:: DATA BLOCK ::
-*-*-
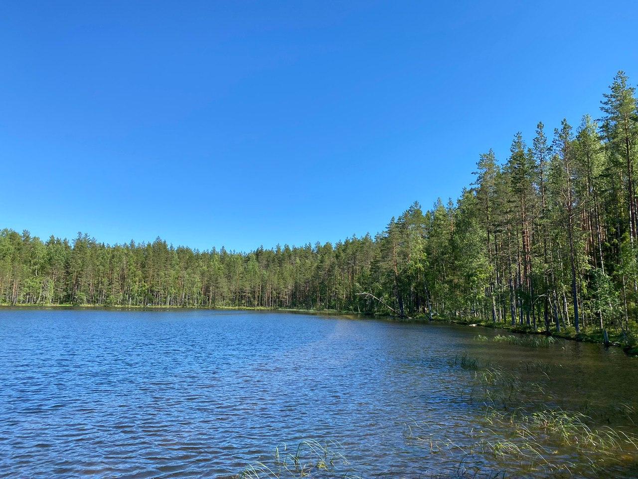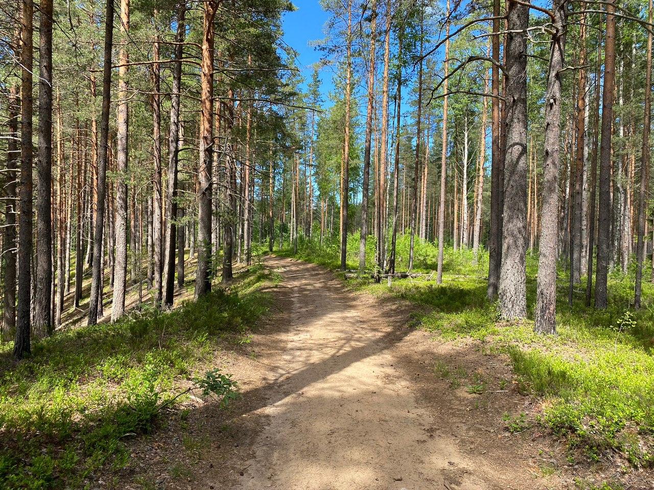 Маршрут проходит по сосновому лесу. По пути вам встретится лесное озеро Лебяжье с пирсом и беседками, болотистая речка Волчья и заросли черники. Можно прогуляться пешком или на велосипеде, народу не очень много. Обратите внимание, что в заказнике запрещено разводить костры, мусорить и ставить палатки.
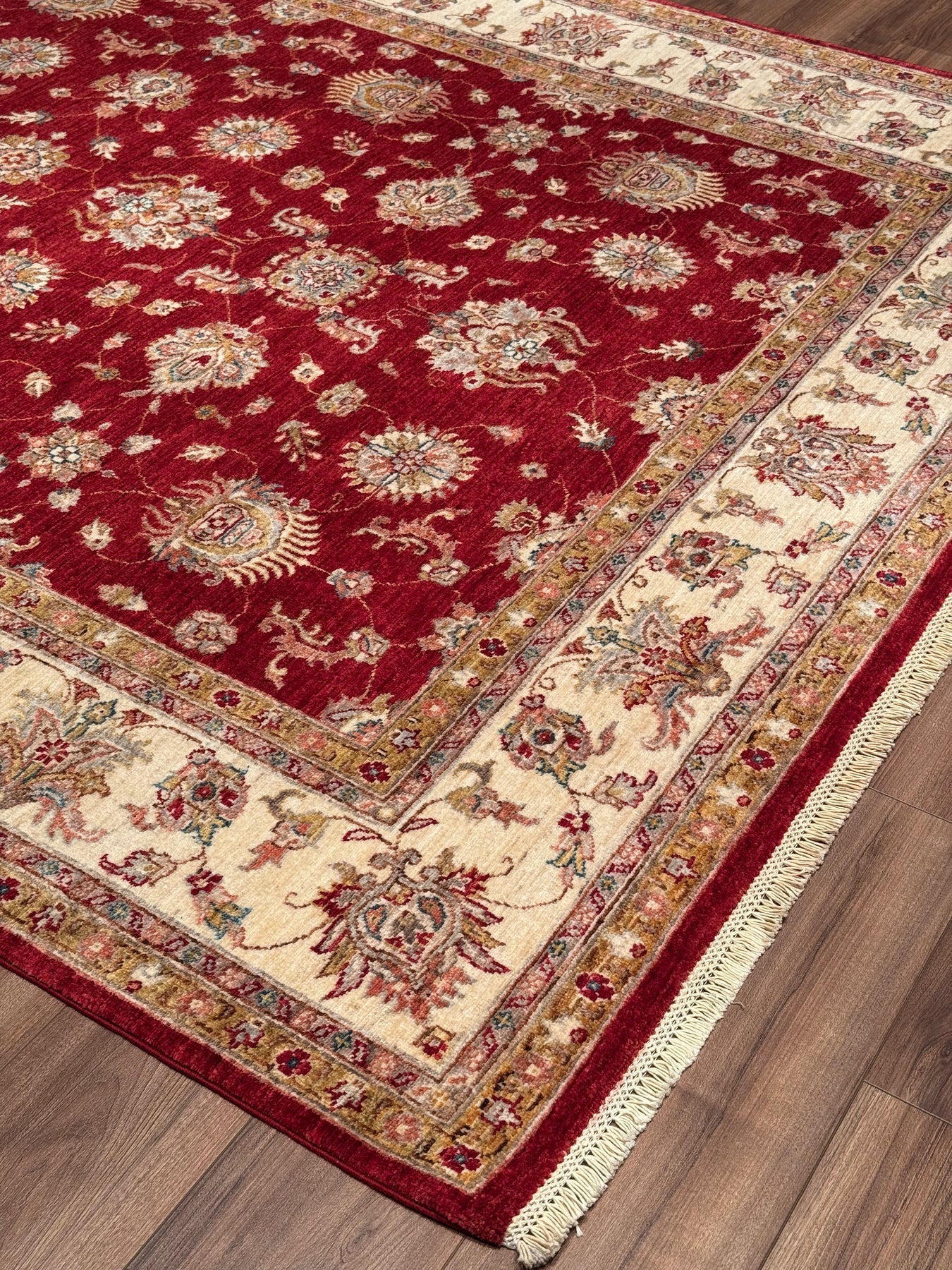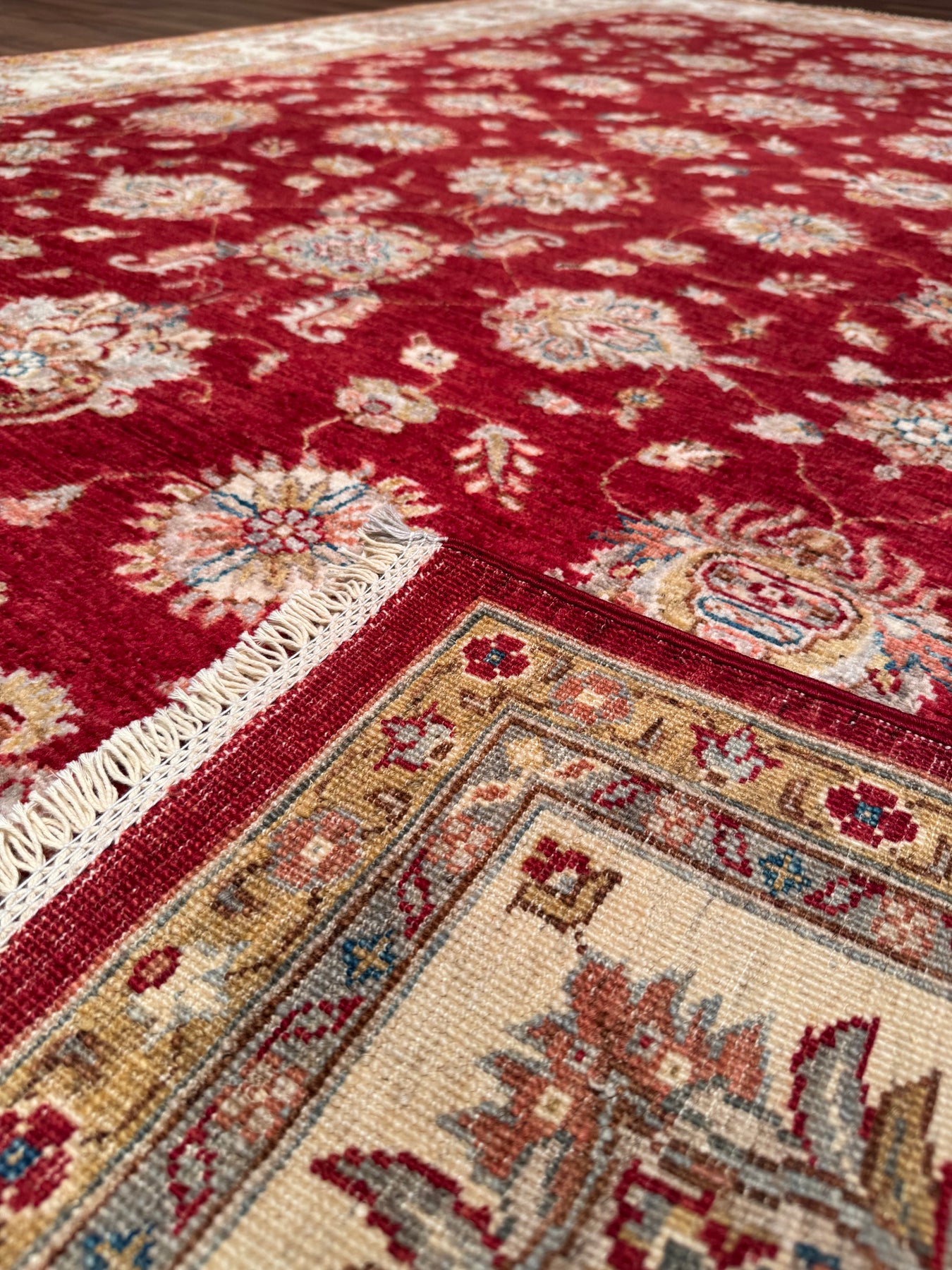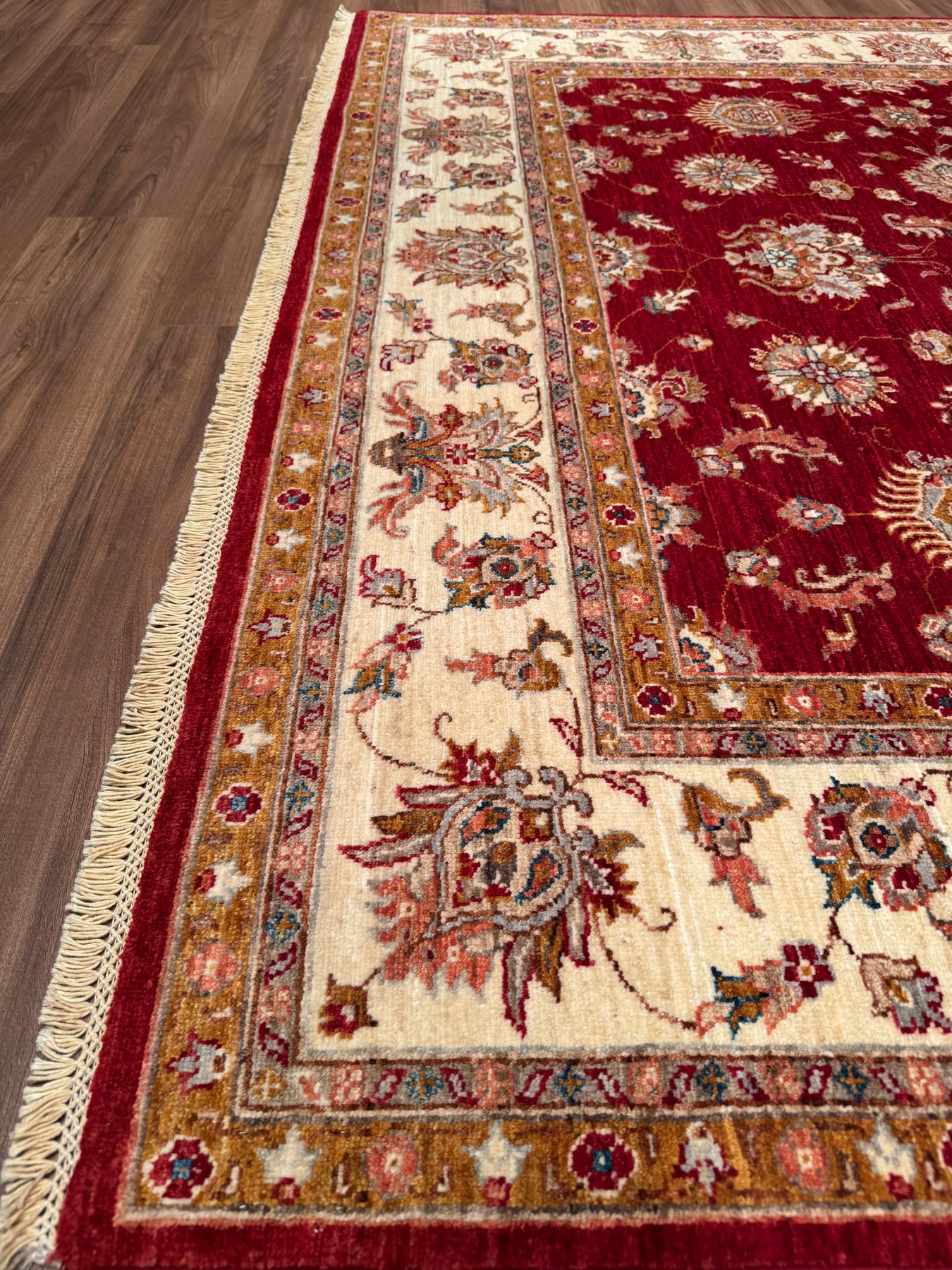 Uşak Orijinal El Dokuması Kırmızı Krem Kök Boya Yün Halı 211x296 6.25 Metrekare - 7x10 ft
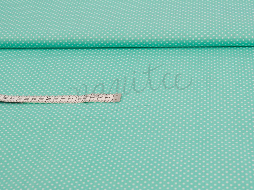 Bavlněné plátno - bílé puntíky na mentolové
-*-*-
:: TRY IT ::
Return the whole of the material above exactly, with no picture carried over.

:: ANSWER FOR THE TASK ::
 Маршрут проходит по сосновому лесу. По пути вам встретится лесное озеро Лебяжье с пирсом и беседками, болотистая речка Волчья и заросли черники. Можно прогуляться пешком или на велосипеде, народу не очень много. Обратите внимание, что в заказнике запрещено разводить костры, мусорить и ставить палатки.
 Uşak Orijinal El Dokuması Kırmızı Krem Kök Boya Yün Halı 211x296 6.25 Metrekare - 7x10 ft
 Bavlněné plátno - bílé puntíky na mentolové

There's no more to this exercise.